While he was dreaming the thin crescent of the waning moon had lifted unobtrusively above the eastern horizon, already aglow with the first hint of dawn. Earthshine lit the entire lunar disc so brilliantly that Morgan could see much of the nightland detail; he strained his eyes in the hope of glimpsing that loveliest of sights, never seen by earlier ages – a star within the arms of the crescent moon. But none of the cities of man's second home was visible tonight.
Only two hundred kilometers – less than an hour to go. There was no point in trying to keep awake; Spider had automatic terminal programming and would touch gently down without disturbing his sleep.
The pain woke him first; CORA was a fraction of a second later. “Don't try to move,” she said soothingly. “I've radioed for help. The ambulance is on the way.”
That was funny. But don't laugh, Morgan ordered himself, she's only doing her best. He felt no fear; though the pain beneath his breastbone was intense, it was not incapacitating. He tried to focus his mind upon it, and the very act of concentration relieved the symptoms. Long ago he had discovered that the best way of handling pain was to study it objectively.
Warren was calling him, but the words were far away and had little meaning. He could recognise the anxiety in his friend's voice, and wished that he could do something to alleviate it; but he had no strength left to deal with this problem – or with any other. Now he could not even hear the words; a faint but steady roar had obliterated all other sounds. Though he knew that it existed only in his mind – or the labyrinthine channels of his ears – it seemed completely real; he could believe that he was standing at the foot of some great waterfall. ..
It was growing fainter, softer – more musical. And suddenly he recognised it. How pleasant to hear once more, on the silent frontier of space, the sound he remembered from his very first visit to Yakkagala!
Gravity was drawing him home again, as through the centuries its invisible hand had shaped the trajectory of the Fountains of Paradise. But he had created something that gravity could never recapture, as long as men possessed the wisdom and the will to preserve it.
How cold his legs were! What had happened to Spider's life-support system? But soon it would be dawn; then there would be warmth enough.
The stars were fading, far more swiftly than they had any right to do. That was strange; though the day was almost here, everything around him was growing dark. And the fountains were sinking back into the earth, their voices becoming fainter fainter. . . fainter.
And now there was another voice, but Vannevar Morgan did not hear it. Between brief, piercing bleeps CORA cried to the approaching dawn:
HELP! WILL ANYONE WHO HEARS ME PLEASE COME AT ONCE!
THIS IS A CORA EMERGENCY!
HELP! WILL ANYONE WHO HEARS ME PLEASE COME AT ONCE!

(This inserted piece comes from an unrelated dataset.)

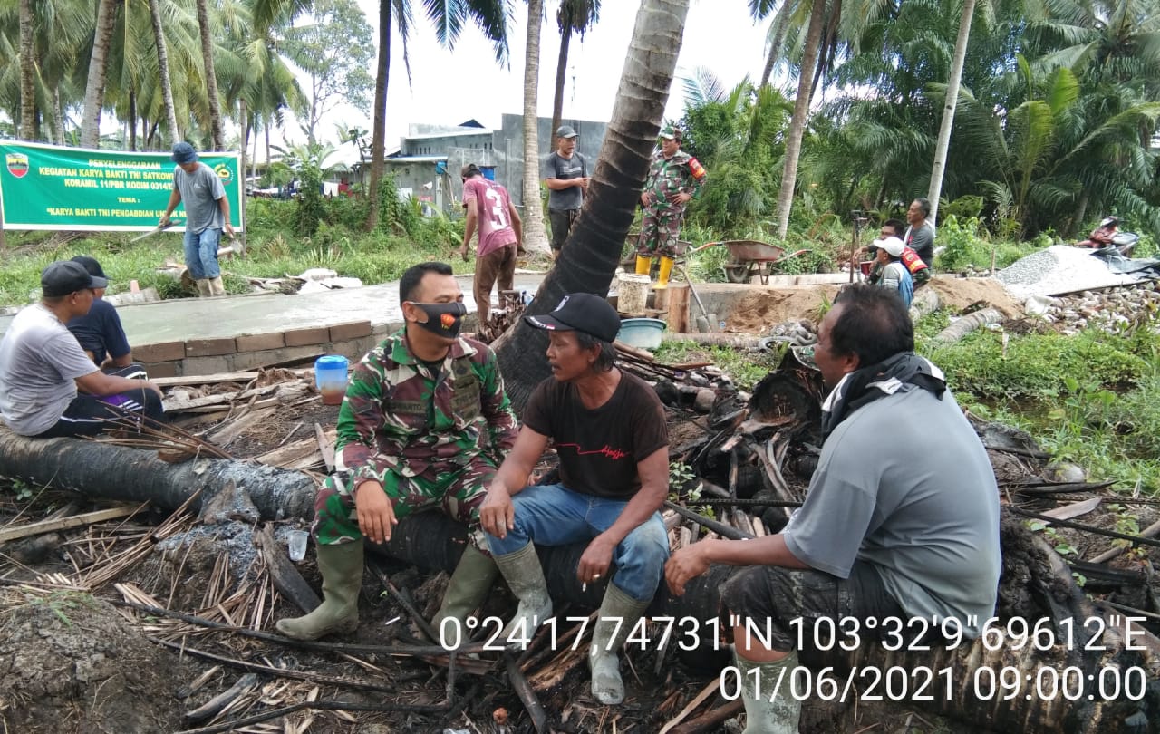 SERIBUPARITNEWS.COM, PULAUBURUNG - Babinsa Koramil 11/Pulau Burung Kodim 0314/Inhil  Serda  Siswanto melaksanakan kegiatan Komsos kepada warga disela kegiatan karya bakti TNI Selasa (01/05/2021)

She was still calling when the sun came up, and its first rays caressed the summit of mountain that had once been sacred. Far below the shadow of Sri Kanda leaped forth upon the clouds, its perfect cone still unblemished, despite all that man had done.
There were no pilgrims now, to watch that symbol of eternity lie across the face of the awakening land. But millions would see it, in the centuries ahead, as they rode in comfort and safety to the stars.